Nicht jedes Auto lädt beim Einstecken sofort mit voller Leistung. In der Regel verfolgen die Hersteller eine Ladestrategie, die sogenannte „Ladekurve“. Damit die Batterie möglichst lange hält und nicht „gestresst“ wird, muss sie langsam auf hohe Ladeleistungen vorbereitet werden. Dieses „Vorkonditionieren“ passiert bei einigen Modellen intelligent während der Fahrt, bei der das Navi die nächste Ladesäule ausgesucht hat.

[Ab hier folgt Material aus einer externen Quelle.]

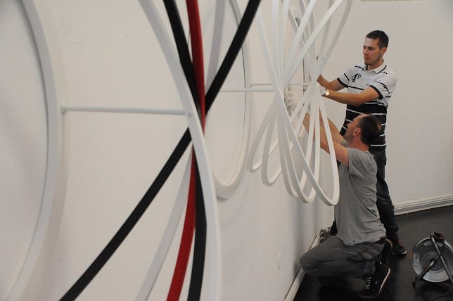 Der Künstler setzt seine Ideen in unterschiedlichen Materialien um, darunter Papier, Pappe, MDF oder Stahl, operiert mit verschiedenen Oberflächen-Qualitäten, nutzt klassisches Werkzeug ebenso wie mittlerweile den Computer, um ein zweidimensionales Objekt in einen rotierenden Körper zu transformieren, diesen auszutesten. In der Ausstellung "EINEN KREIS DENKEN" im Museum der Wahrnehmung MUWA zeigt der Künstler Werke aus unterschiedlichen Schaffensphasen.
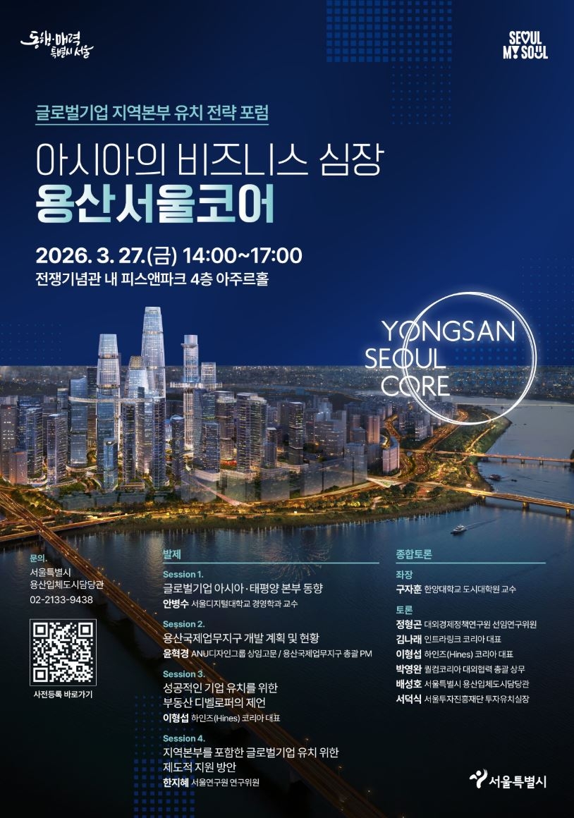 그러면서 “이번 포럼을 통해 용산국제업무지구가 단순한 베드타운이 아닌, 서울을 넘어 대한민국을 대표하는 글로벌 비즈니스 중심지로 도약하는 중요한 전환점이 되기를 기대한다”고 강조했다.

Der Regelfall: Die Ladeelektronik lädt zunächst mit langsamer Ladeschwindigkeit, erreicht dann im mittleren Bereich ihre Spitze und senkt zum Ende des Ladevorgangs wieder die Leistung. Jedes Auto setzt dabei auf eine spezifische Ladekurve. Sie bestimmt letztlich die durchschnittliche Ladegeschwindigkeit, die wichtiger ist als die maximal mögliche Leistung. Wird die nur kurz erreicht, hilft ein hoher Wert nicht viel.

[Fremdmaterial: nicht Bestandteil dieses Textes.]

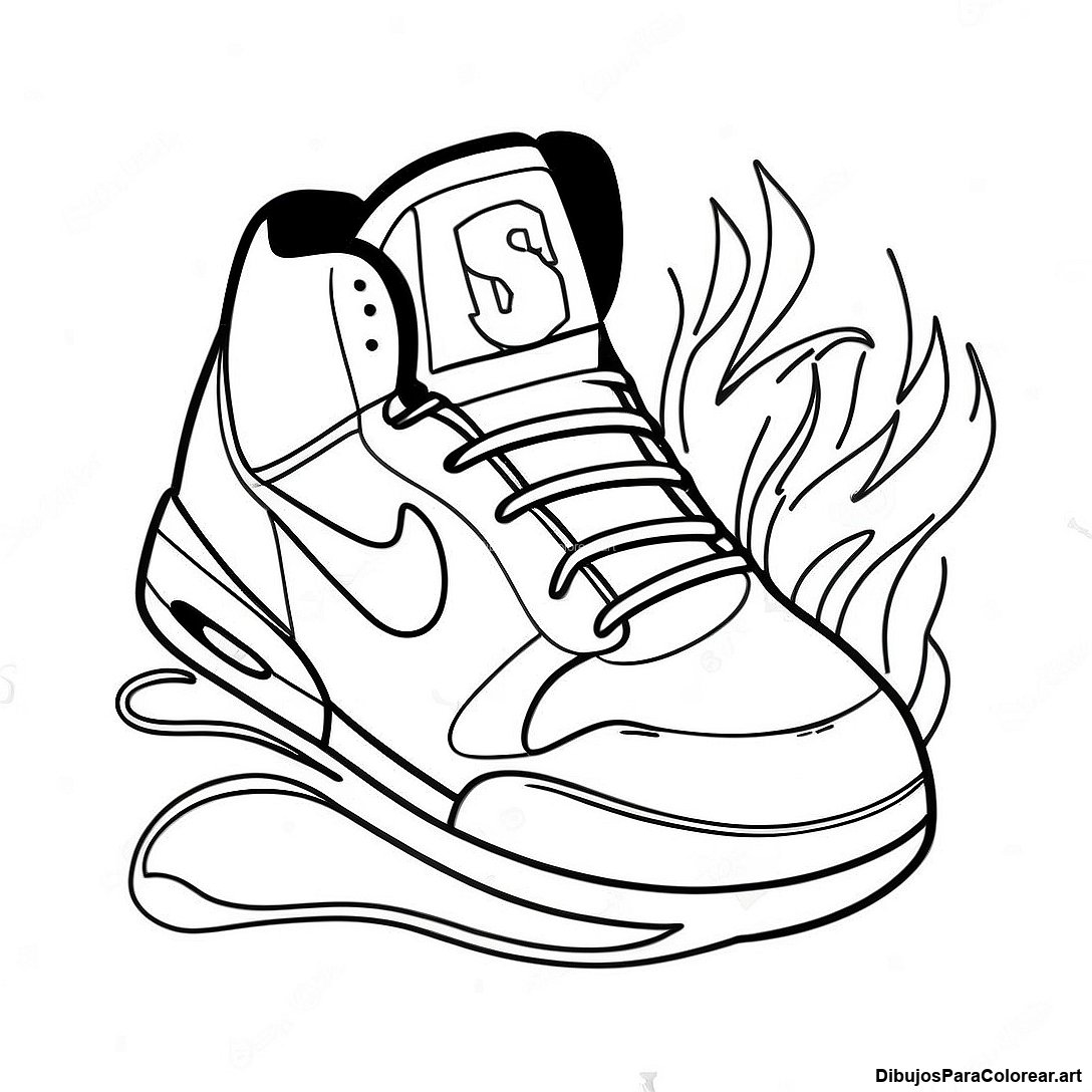 Zapatos De Baloncesto Con Llamas Para Colorear

Zu sehen ist der Stromanschluss eines Elektroautos
Laut Angaben des Herstellers dauert das Aufladen des Hyundai Kona von 10 auf 80 Prozent an einer Gleichstrom-Schnellladesäule nur etwa 47 Minuten [Bildquelle: Fabian Hoberg]

Temperatur

Von Smartphones wissen wir: Ist es draußen sehr kalt, geht der Akku schneller in die Knie. Bei E-Autos ist es ähnlich. Nicht nur, dass die maximale Reichweite drastisch sinkt. Das Laden dauert ebenfalls länger. So kann es passieren, dass im Winter an einer Schnellladesäule mit 150 kW der Strom mit nur 89 kW in die Batterie fließt. Beim Laden berücksichtigt die Elektronik des Batteriemanagement-Systems die Temperatur der Batterie: Zu schnelles Laden gerade in der Ladeschluss-Phase würde die Batterie stark erhitzen und schädigen. Ein Grund, warum die Elektronik meist ab 80 Prozent Ladekapazität die Ladeleistung deutlich drosselt. Viele Hersteller empfehlen sogar, die Batterie im Regelfall nur bis 80 Prozent zu laden. Liegt die Temperatur nicht im optimalen Fenster, ist es also zu kalt (Winter) oder zu heiß (Sommer), regelt die Elektronik die Ladeleistung herunter. Das schont die Batterie. Zwischen etwa 20 und 30 Grad Celsius funktioniert die Chemie in den Batteriezellen am besten.

Alter der Batterie

Auch das kennt man von Smartphones: Je älter das Handy, umso häufiger muss man es aufladen. Akkus altern mit der Zeit. Bei Elektrofahrzeugen verliert die Batterie mit der Zeit genauso Kapazität, also ihre Speicherfähigkeit. Das senkt vor allem die Reichweite. Aber auch das Laden kann länger dauern, weil sich durch die Alterung der Innenwiderstand der Batterie erhöhen kann. Das reduziert die Ladeleistung. Den Gesundheitszustand eines E-Auto-Akkus gibt der Wert „State of Health“ (SoH) an. Experten erwarten, dass er künftig bei gebrauchten Elektroautos ein wichtiges Verkaufsargument sein wird.

Zu sehen ist Fabian Hoberg

Fazit:

Beim Laden von Elektroautos oder Plug-in-Hybriden gibt es nicht die eine Ursache für schnelles oder langsames Laden. Vielmehr spielen viele Faktoren eine Rolle. Nur wer die berücksichtigt, wird seine Batterie wieder schnell und sicher füllen.